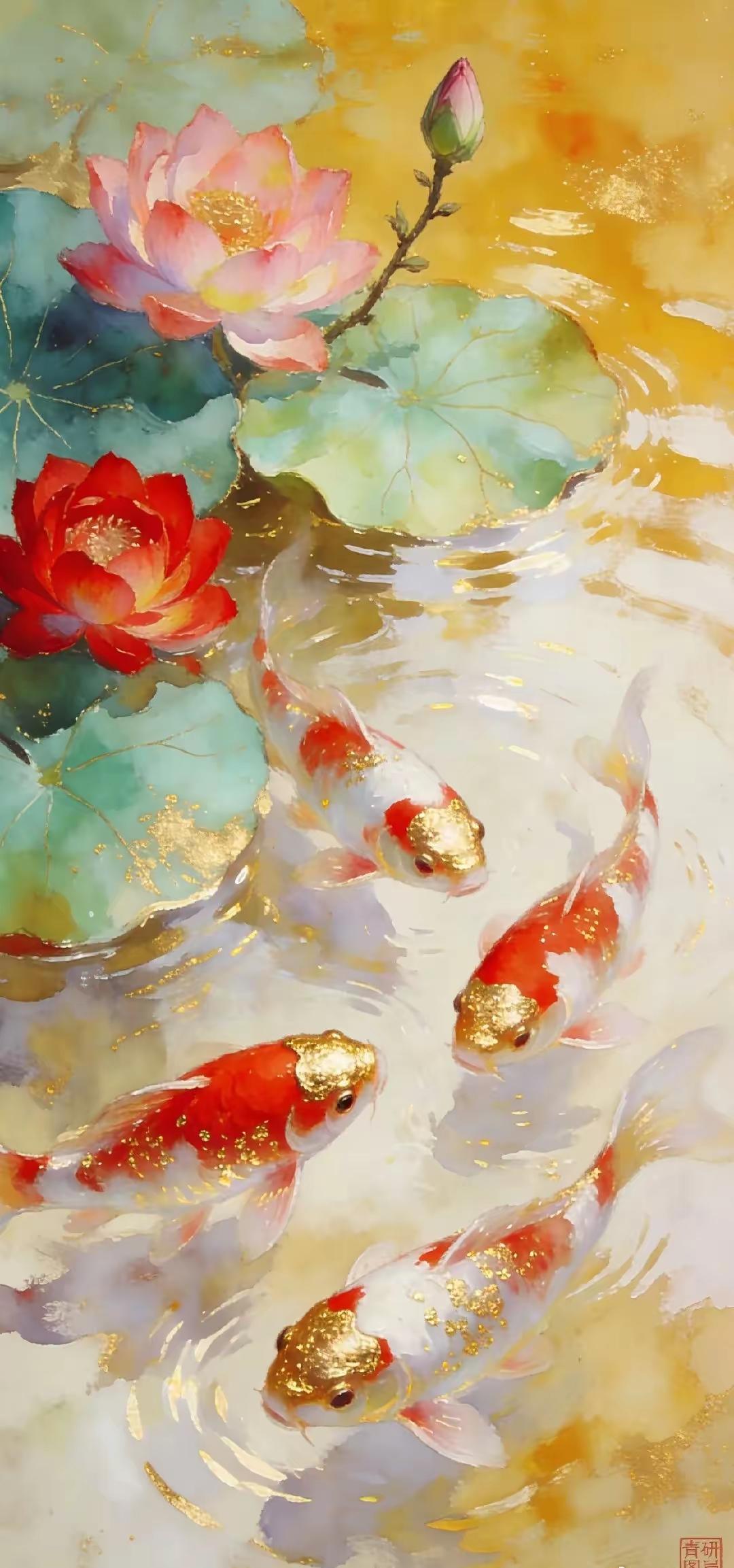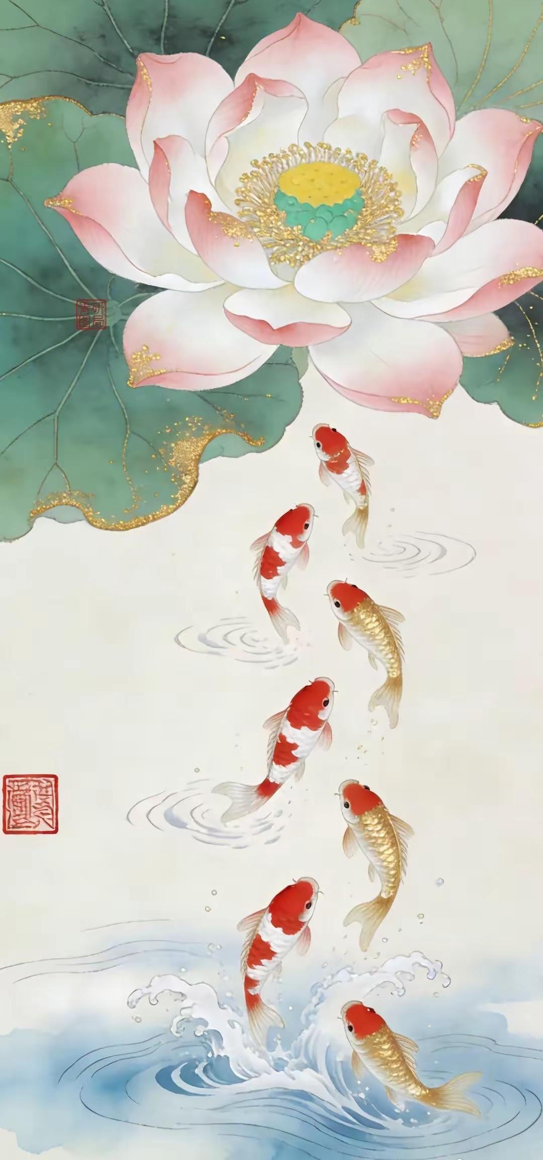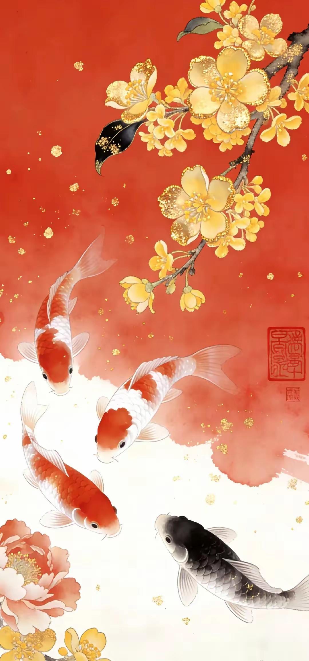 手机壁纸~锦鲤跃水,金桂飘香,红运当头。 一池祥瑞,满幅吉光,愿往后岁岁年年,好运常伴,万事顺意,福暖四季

* * *

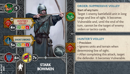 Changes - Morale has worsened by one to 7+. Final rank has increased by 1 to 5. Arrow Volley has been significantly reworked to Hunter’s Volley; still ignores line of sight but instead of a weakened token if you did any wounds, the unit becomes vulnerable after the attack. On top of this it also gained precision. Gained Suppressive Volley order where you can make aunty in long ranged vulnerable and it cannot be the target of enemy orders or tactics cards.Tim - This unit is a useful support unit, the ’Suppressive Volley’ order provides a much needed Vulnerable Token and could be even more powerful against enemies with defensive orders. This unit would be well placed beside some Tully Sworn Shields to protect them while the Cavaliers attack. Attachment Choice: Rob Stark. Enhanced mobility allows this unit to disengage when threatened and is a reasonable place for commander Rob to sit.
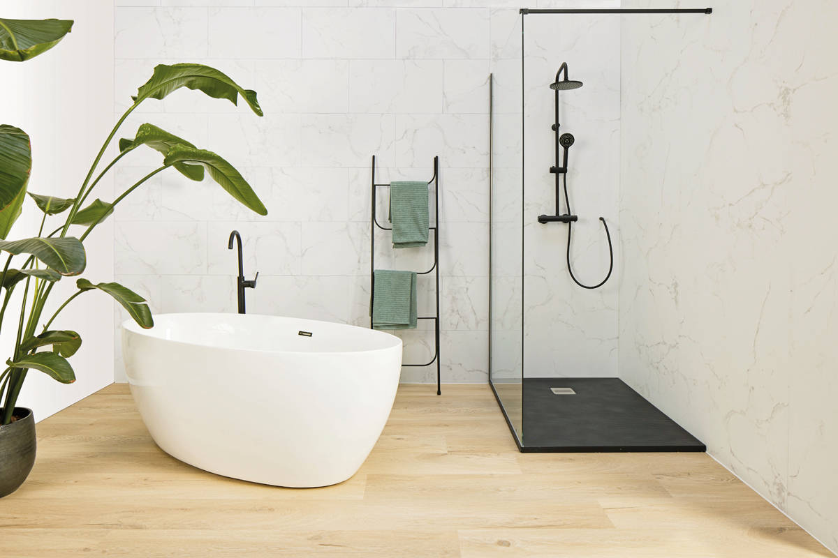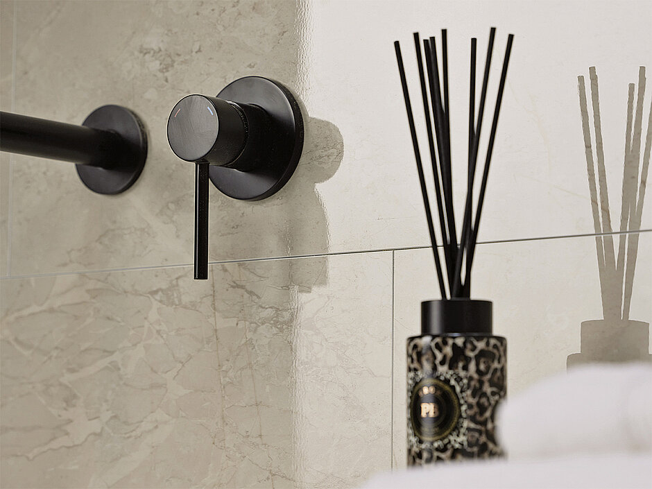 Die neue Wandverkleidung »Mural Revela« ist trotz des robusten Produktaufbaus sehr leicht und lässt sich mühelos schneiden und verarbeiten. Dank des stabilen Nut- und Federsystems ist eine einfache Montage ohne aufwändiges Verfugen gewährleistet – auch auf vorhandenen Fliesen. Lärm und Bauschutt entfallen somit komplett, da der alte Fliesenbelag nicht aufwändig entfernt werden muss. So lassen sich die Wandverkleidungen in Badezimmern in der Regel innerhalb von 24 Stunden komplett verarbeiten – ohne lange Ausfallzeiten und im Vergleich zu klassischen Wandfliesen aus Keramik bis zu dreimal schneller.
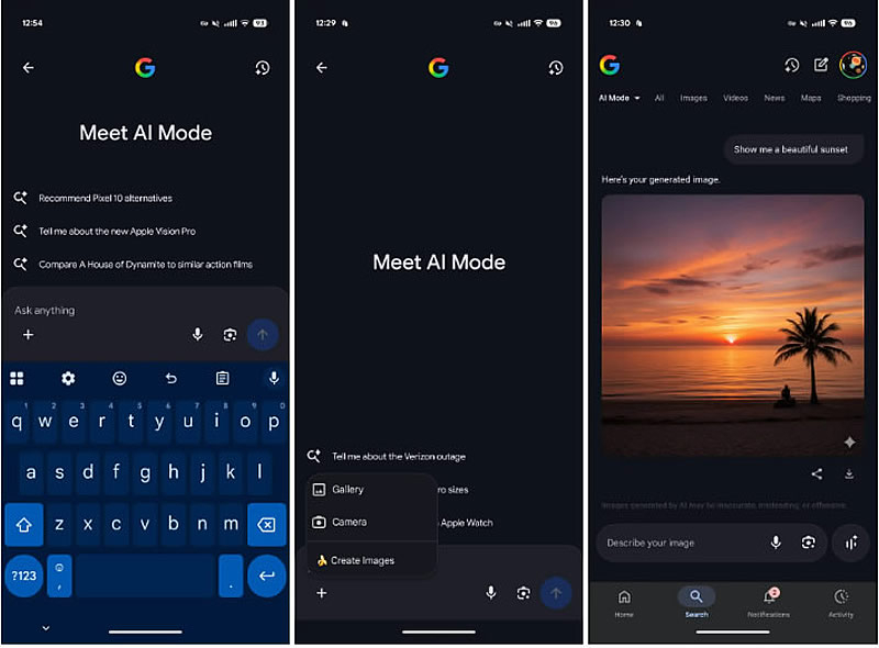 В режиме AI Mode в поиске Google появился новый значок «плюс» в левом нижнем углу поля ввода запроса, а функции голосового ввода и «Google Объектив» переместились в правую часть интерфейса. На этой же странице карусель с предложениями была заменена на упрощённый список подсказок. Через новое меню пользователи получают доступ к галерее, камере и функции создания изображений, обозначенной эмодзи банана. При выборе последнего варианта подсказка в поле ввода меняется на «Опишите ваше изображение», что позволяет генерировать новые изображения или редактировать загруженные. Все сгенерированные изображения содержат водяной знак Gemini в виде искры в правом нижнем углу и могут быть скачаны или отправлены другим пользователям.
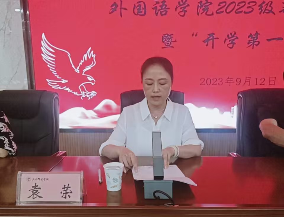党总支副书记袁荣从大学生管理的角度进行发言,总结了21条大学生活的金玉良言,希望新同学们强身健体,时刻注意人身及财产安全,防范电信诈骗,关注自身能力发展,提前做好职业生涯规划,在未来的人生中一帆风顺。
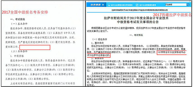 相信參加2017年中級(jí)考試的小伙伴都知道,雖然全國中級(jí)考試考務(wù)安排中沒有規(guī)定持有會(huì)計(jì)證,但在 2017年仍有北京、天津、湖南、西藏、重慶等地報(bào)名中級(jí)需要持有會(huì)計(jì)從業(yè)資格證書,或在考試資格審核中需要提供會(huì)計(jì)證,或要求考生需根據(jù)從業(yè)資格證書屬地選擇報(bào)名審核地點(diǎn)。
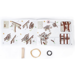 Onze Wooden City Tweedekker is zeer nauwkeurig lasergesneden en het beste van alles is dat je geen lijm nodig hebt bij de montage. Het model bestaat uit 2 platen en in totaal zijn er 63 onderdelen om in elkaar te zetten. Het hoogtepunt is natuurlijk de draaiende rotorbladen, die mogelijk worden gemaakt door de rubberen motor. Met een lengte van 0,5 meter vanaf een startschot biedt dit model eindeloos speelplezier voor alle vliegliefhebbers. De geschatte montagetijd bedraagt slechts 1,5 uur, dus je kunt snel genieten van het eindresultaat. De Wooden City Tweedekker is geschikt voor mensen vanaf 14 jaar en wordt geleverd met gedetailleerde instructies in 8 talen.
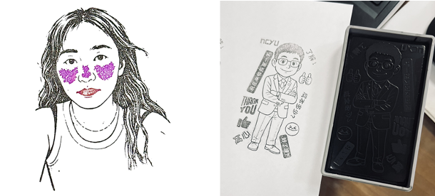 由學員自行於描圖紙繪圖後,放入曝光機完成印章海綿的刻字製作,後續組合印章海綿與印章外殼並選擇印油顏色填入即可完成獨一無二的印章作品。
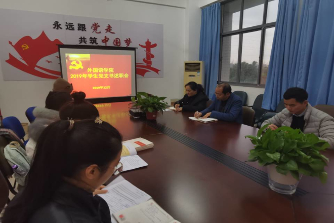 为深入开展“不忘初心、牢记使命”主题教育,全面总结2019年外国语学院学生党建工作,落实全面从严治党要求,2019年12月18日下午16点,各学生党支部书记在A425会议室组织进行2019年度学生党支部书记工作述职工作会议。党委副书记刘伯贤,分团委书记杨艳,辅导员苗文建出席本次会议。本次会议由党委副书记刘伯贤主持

==

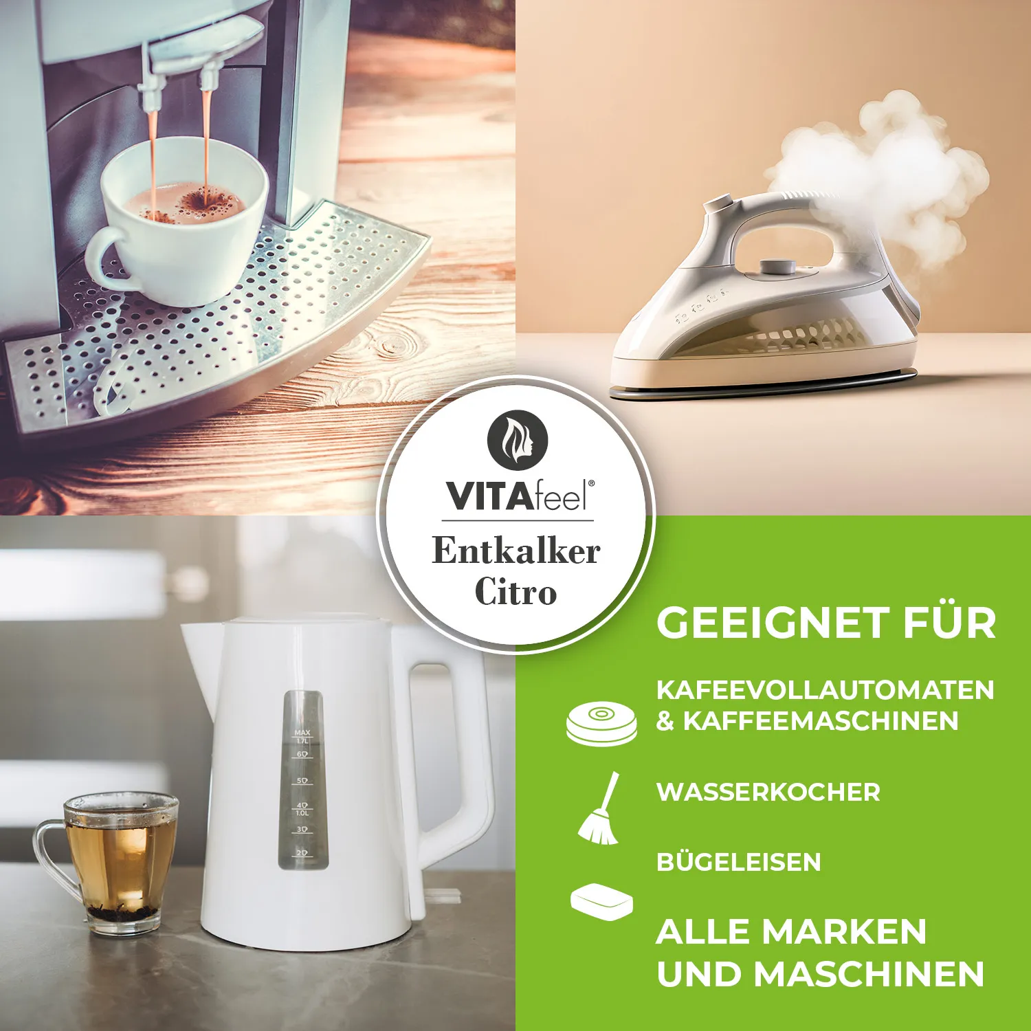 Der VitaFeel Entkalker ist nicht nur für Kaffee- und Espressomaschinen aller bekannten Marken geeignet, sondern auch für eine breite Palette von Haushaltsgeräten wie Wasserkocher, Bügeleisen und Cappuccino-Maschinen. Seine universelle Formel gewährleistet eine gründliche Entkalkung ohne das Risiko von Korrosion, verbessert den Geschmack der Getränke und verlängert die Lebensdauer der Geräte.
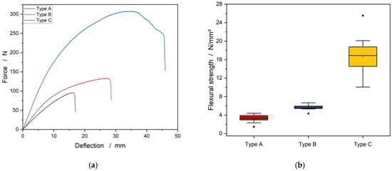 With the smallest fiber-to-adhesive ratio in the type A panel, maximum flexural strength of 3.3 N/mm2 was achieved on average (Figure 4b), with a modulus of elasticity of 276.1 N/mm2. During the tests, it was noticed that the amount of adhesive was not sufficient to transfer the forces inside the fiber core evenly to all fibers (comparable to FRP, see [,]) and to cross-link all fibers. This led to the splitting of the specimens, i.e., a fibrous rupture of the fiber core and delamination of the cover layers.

- _Task to carry out_: Print exactly the lines above that run from the one with "Die neue Wandverkleidung" to the one with "相信參加2017年中級(jí", both included. No pictures.

- _Solution to this exercise_:
 Die neue Wandverkleidung »Mural Revela« ist trotz des robusten Produktaufbaus sehr leicht und lässt sich mühelos schneiden und verarbeiten. Dank des stabilen Nut- und Federsystems ist eine einfache Montage ohne aufwändiges Verfugen gewährleistet – auch auf vorhandenen Fliesen. Lärm und Bauschutt entfallen somit komplett, da der alte Fliesenbelag nicht aufwändig entfernt werden muss. So lassen sich die Wandverkleidungen in Badezimmern in der Regel innerhalb von 24 Stunden komplett verarbeiten – ohne lange Ausfallzeiten und im Vergleich zu klassischen Wandfliesen aus Keramik bis zu dreimal schneller.
 В режиме AI Mode в поиске Google появился новый значок «плюс» в левом нижнем углу поля ввода запроса, а функции голосового ввода и «Google Объектив» переместились в правую часть интерфейса. На этой же странице карусель с предложениями была заменена на упрощённый список подсказок. Через новое меню пользователи получают доступ к галерее, камере и функции создания изображений, обозначенной эмодзи банана. При выборе последнего варианта подсказка в поле ввода меняется на «Опишите ваше изображение», что позволяет генерировать новые изображения или редактировать загруженные. Все сгенерированные изображения содержат водяной знак Gemini в виде искры в правом нижнем углу и могут быть скачаны или отправлены другим пользователям.
党总支副书记袁荣从大学生管理的角度进行发言,总结了21条大学生活的金玉良言,希望新同学们强身健体,时刻注意人身及财产安全,防范电信诈骗,关注自身能力发展,提前做好职业生涯规划,在未来的人生中一帆风顺。
 相信參加2017年中級(jí)考試的小伙伴都知道,雖然全國中級(jí)考試考務(wù)安排中沒有規(guī)定持有會(huì)計(jì)證,但在 2017年仍有北京、天津、湖南、西藏、重慶等地報(bào)名中級(jí)需要持有會(huì)計(jì)從業(yè)資格證書,或在考試資格審核中需要提供會(huì)計(jì)證,或要求考生需根據(jù)從業(yè)資格證書屬地選擇報(bào)名審核地點(diǎn)。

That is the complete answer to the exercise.